Discussion: TMA is a rare but severe complication of malignant hypertension, driven by endothelial injury and microvascular thrombosis. Hypertension-associated TMA carries a poor renal prognosis, with most patients progressing to ESRD despite therapy. This patient’s extensive glomerulosclerosis and >80% fibrosis reflected chronic, irreversible injury at presentation, limiting the potential for renal recovery even with aggressive blood pressure control. Preserved ADAMTS13 activity and the absence of severe thrombocytopenia supported hypertension-induced TMA rather than primary TMA. Malignant hypertension-related TMA carries the poorest prognosis among all TMA etiologies, with 83.3% of patients progressing to ESRD despite therapeutic intervention. Her neurologic findings highlight the systemic microvascular burden of chronic hypertension. White matter changes and small infarcts arise from sustained endothelial dysfunction and predict future stroke risk and cognitive decline. Early recognition and strict blood pressure control remain crucial to preventing these complications. This case underscores the importance of multidisciplinary care, close follow-up, and addressing medication nonadherence, which significantly decreases the risk of hypertensive emergencies. Given her young age and permanent ESRD, renal transplant evaluation will be necessary, though recurrent hypertensive injury remains a concern.

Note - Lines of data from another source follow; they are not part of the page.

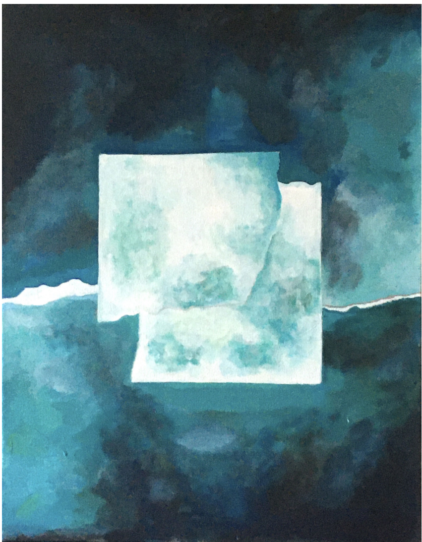
Skies -2024- Acrylic on canvas 22x28"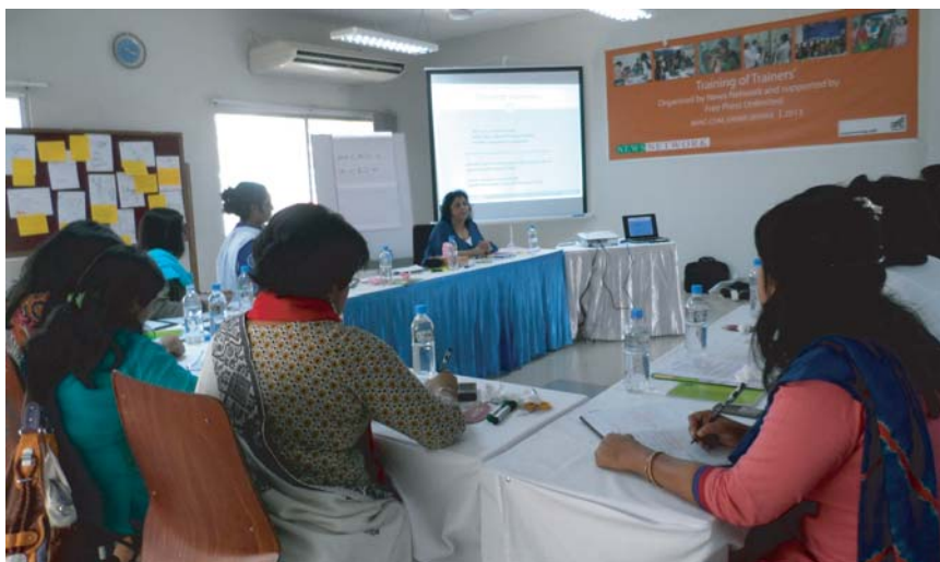
Photo of a session of 5 days ToT programme for women journalists.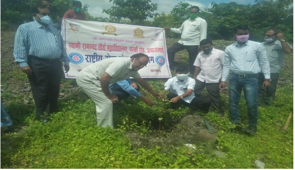
Tree Plantation by N.S.S. Volunteers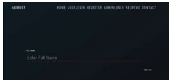
Fig 6.3 Register page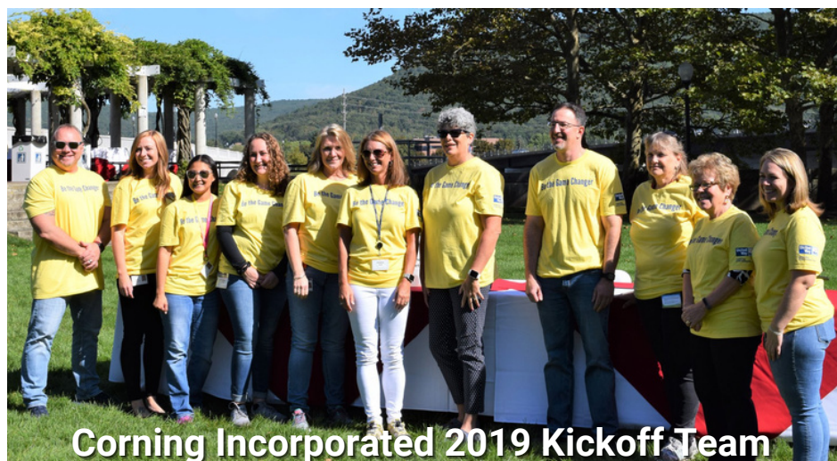
Corning Incorporated 2019 Kickoff Team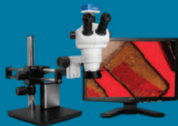
OPTICAL TEL:1(800)216-1800 & PRESS 2

CONTACT OUR PRODUCT DIVISIONS TO LEARN MORE ABOUT OUR LARGE VARIETY OF INSPECTION PRODUCTS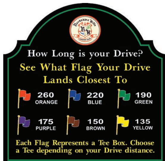
BERKSHIRE HILLS PRACTICE RANGE SIGN

Once traditional tee colors are changed, players will begin to better understand which tee markers they should play. One way to speed up your customers’ understanding is to place on the practice range flags that correspond to the tee colors with a sign, such as this one from the Berkshire Hills practice range in Chesterland, Ohio.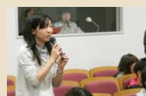
A medical student asking programs in detail

Hokkaido University has kept inviting overseas partner institutions that actively engage in realization of a sustainable society since 2008. This year, HU invited representatives from Beijing Normal University (China), De LA Salle University (the Philippines), Korea University (South Korea), Mahidol University (Thailand) and Swiss Federal Institute of Technology. They outlined their excellent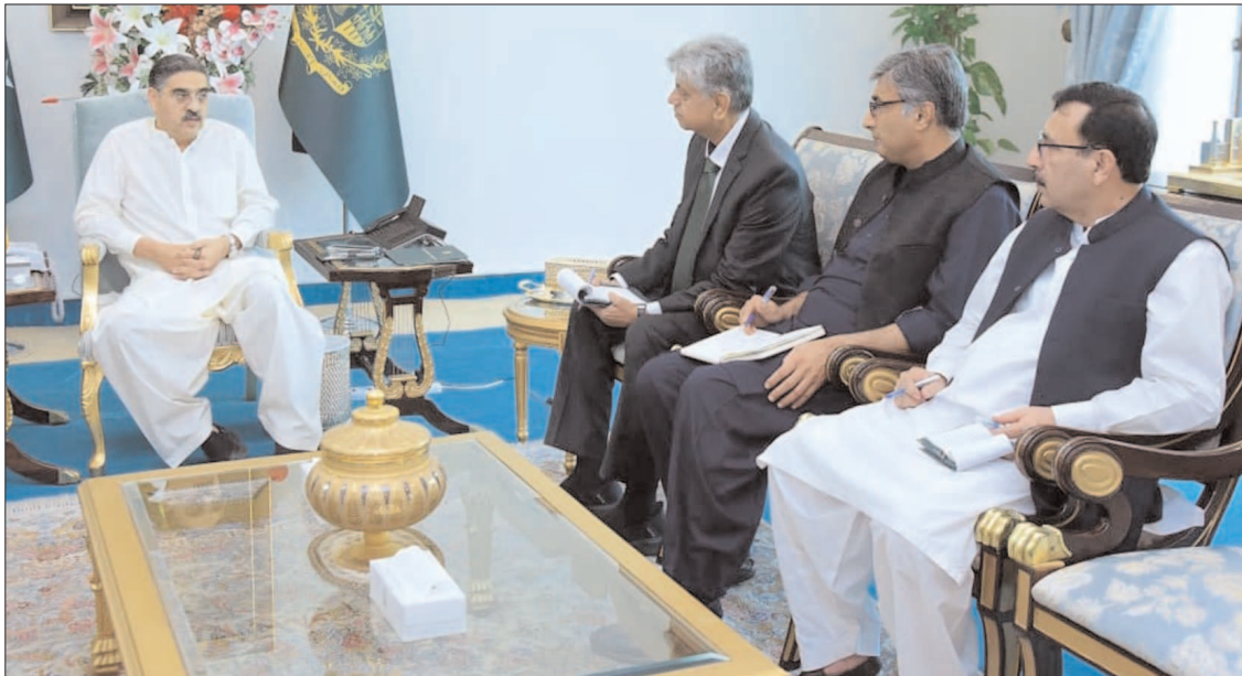
ISLAMABAD: Caretaker Minister for Information and Broadcasting Murtaza Solangi called on Caretaker Prime Minister Anwaar-ul-Haq Kakar.

The company representatives stated that the health card has been shut down five times in the past seven months. They said that for the ongoing year, the government owes Rs26billion out of which not even a single penny has been paid till date.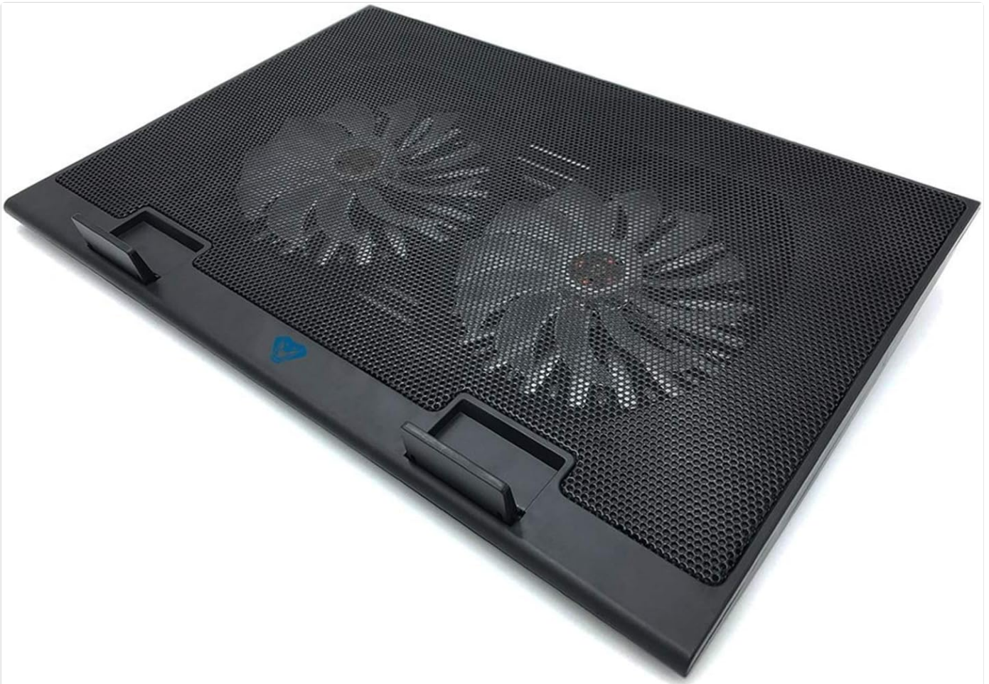
Figure 2: Top-down view of the cooling pad, highlighting the protective mesh over the fans.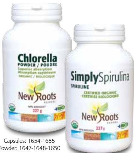
Capsules: 1654-1655 Powder: 1647-1648-1650

Conclusions: This case emphasizes the need to recognize chronic TMA as a severe complication of uncontrolled hypertension, particularly in patients with underlying CKD. The irreversible vascular and glomerular injury in this patient highlights the importance of early and aggressive blood pressure control and close follow-up to prevent catastrophic end-organ damage.